If both the source machine and the target machine are running the latest versions of the Oracle VM Server for SPARC software, you do not need to use this SMF property.


Caution

Caution  - If you intend to perform a domain migration on your servers that support SSM, it is best that they run at least the Oracle VM Server for SPARC 3.5 software. If this is not possible, take extreme caution when using the ldmd/migration_adi_legacy_compat SMF property. Improper use of this property can result in undefined application behavior if ADI is in use in the domain being migrated.


By default, the property value is false, which prevents a domain migration unless both the source machine and the target machine support SSM and run the required version of the Oracle VM Server for SPARC software. This property has no effect on servers that do not support SSM.

When the value is true, the domain migration proceeds without support for the migration of ADI version information.

So, if either the source machine or target machine runs a version of the Oracle VM Server for SPARC software that is older than 3.5, which does not support the migration of ADI version information, the migration is permitted.
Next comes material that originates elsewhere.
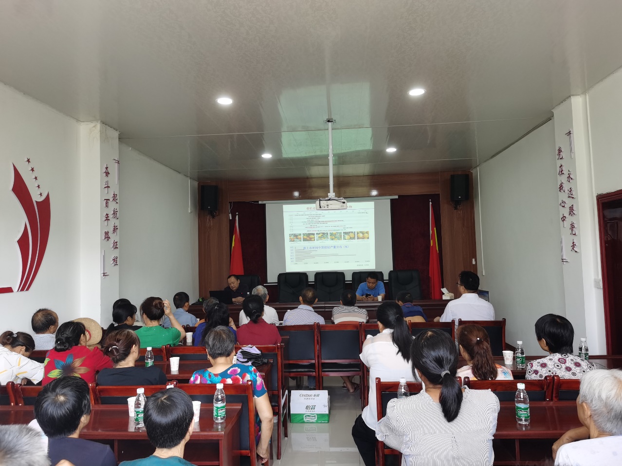 在巫溪县农业农村委相关负责人的陪同下,产业组专家先后在凤凰镇、花台乡等柑桔主产乡镇开展了2场产业技术培训,县乡农技人员、业主、种植大户和果农近200人次参加。淳长品副研究员针对目前巫溪县主要栽培的沃柑、柚类和脐橙等品种,从秋季枝梢和果实管理、病虫害防控等方面进行了详细培训。

    Only set the ldmd/migration_adi_legacy_compat SMF property value to true if both the following circumstances are true:

  • You cannot upgrade both the source machine and target machine to a version of the Oracle VM Server for SPARC software that supports the migration of ADI version information

  • You know for certain that ADI versioning is not in use within the domain to be migrated

Setting this property to true permits migrations where ADI version information is not transferred to the target machine. This situation can result in undefined application behavior if ADI is in use in the domain being migrated.

The ldmd/migration_adi_legacy_compat SMF property is not recognized by Oracle VM Server for SPARC versions older than 3.5. Use of this property is applicable only on a source machine or a target machine is running at least Oracle VM Server for SPARC 3.5.
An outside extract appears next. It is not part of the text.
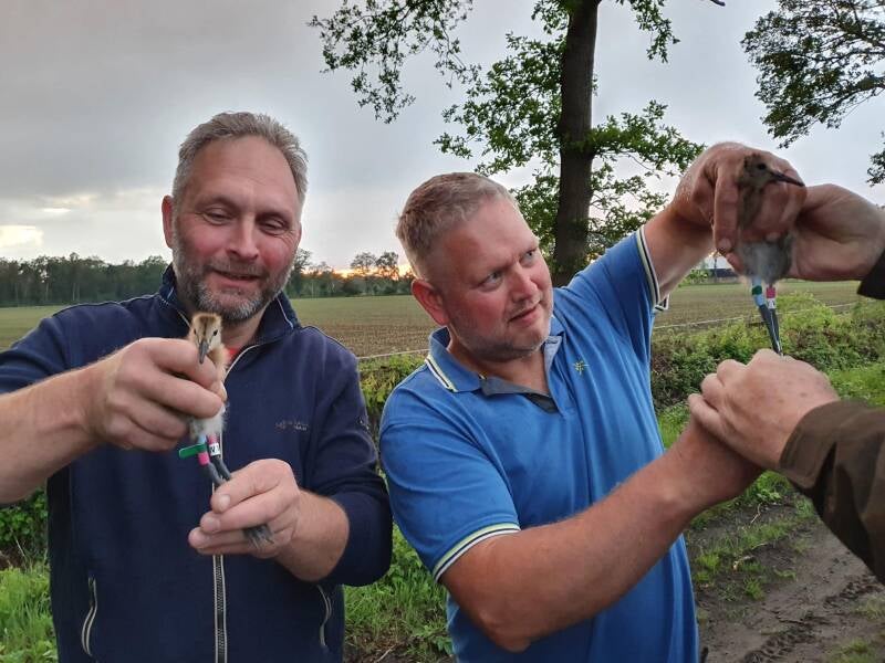 Leonard Rouhof (links) vraagt Theo Lohuis de jonge grutto zo vast te houden dat een goede foto kan worden gemaakt van de ringen om de poten. Hieronder de broers Frons met grutto's.

ldm(1M): Updated Description of the set-domain Subcommand and the –i Option

The ldm(1M) man page includes the following updates:

  • The first paragraph now reads as follows:

    The set-domain subcommand enables you to modify properties such as boot-policy, mac-addr, hostid, failure-policy, extended-mapin-space, master, and max-cores for a domain. You cannot use this command to update resources.

  • The description of the –i now reads as follows:

    –i file specifies the XML configuration file to use in setting the properties of the logical domain.

    Only the ldom_info nodes specified in the XML file are parsed. Resource nodes, such as vcpu, mau, and memory, are ignored.

    If the hostid property in the XML file is already in use, the ldm set-domain -i command fails with the following error:

    Hostid host-ID is already in use

    Before you re-run the ldm set-domain -i command, remove the hostid entry from the XML file.

ldm(1M) Incorrectly References the Command History Buffer

The ldm(1M) man page incorrectly refers to a command history buffer that you can view by using the ldm list-history command.

The first and second paragraphs of the Command History section have been updated with the following paragraphs:

Use the ldm list-history command to view the Oracle VM Server for SPARC command history log. This log captures ldm commands and commands that are issued through the XMPP interface. By default, the number of commands shown by the ldm list-history command is ten.

To change the number of commands output by the ldm list-history command, use the ldm set-logctl command to set the history property value. If you set history=0, the saving of command history is disabled. You can re-enable this feature by setting the history property to a non-zero value.

The description of the history property in the Control Logging Operations section has been updated as follows:

history=num specifies the number of commands output by the ldm list-history command. Setting the value to 0 disables the saving of command history.

The description of the –a option in the View Logging Capabilities section has been updated as follows:

–a shows the logging capability values for all logging types and the number of commands output by the ldm list-history command.